## WHAT THE EXERCISE ASKS
Please reproduce the lines of the records below from the one holding "国際オートメカニック科1年生" through the one holding "Rouleaux de papier", inclusive, skipping all pictures.

## PROVIDED INFORMATION
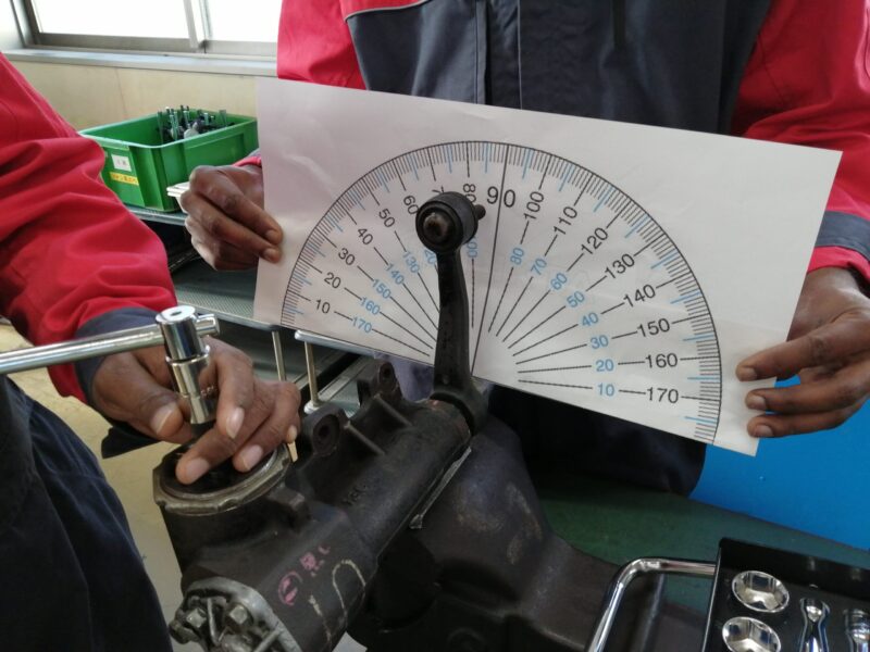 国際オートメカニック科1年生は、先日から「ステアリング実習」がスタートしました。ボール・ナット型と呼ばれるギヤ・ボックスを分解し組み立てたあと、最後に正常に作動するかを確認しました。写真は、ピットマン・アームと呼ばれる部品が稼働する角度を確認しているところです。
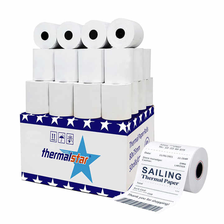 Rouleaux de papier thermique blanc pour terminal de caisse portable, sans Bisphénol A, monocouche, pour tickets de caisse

* * *

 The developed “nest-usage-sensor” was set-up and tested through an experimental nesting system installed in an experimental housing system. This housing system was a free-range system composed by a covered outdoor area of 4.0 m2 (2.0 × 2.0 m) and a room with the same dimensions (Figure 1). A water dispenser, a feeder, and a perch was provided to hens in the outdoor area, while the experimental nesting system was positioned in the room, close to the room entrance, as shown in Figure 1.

...

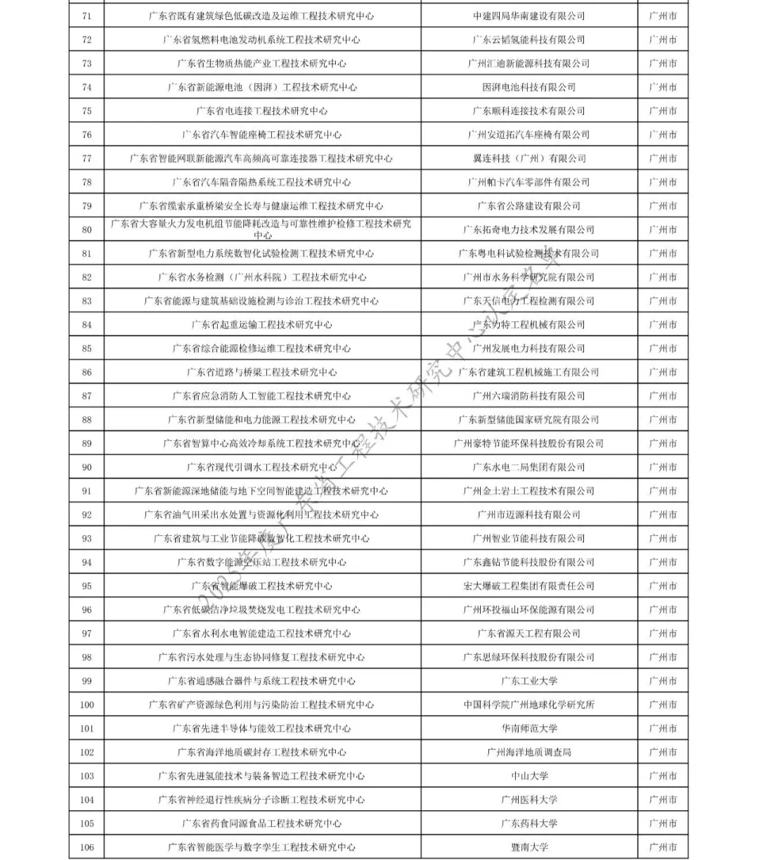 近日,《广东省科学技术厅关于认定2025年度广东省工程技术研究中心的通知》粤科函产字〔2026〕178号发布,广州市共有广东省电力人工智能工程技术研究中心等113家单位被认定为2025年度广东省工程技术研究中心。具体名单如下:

## ANSWER TO THIS EXERCISE
 国際オートメカニック科1年生は、先日から「ステアリング実習」がスタートしました。ボール・ナット型と呼ばれるギヤ・ボックスを分解し組み立てたあと、最後に正常に作動するかを確認しました。写真は、ピットマン・アームと呼ばれる部品が稼働する角度を確認しているところです。
 Rouleaux de papier thermique blanc pour terminal de caisse portable, sans Bisphénol A, monocouche, pour tickets de caisse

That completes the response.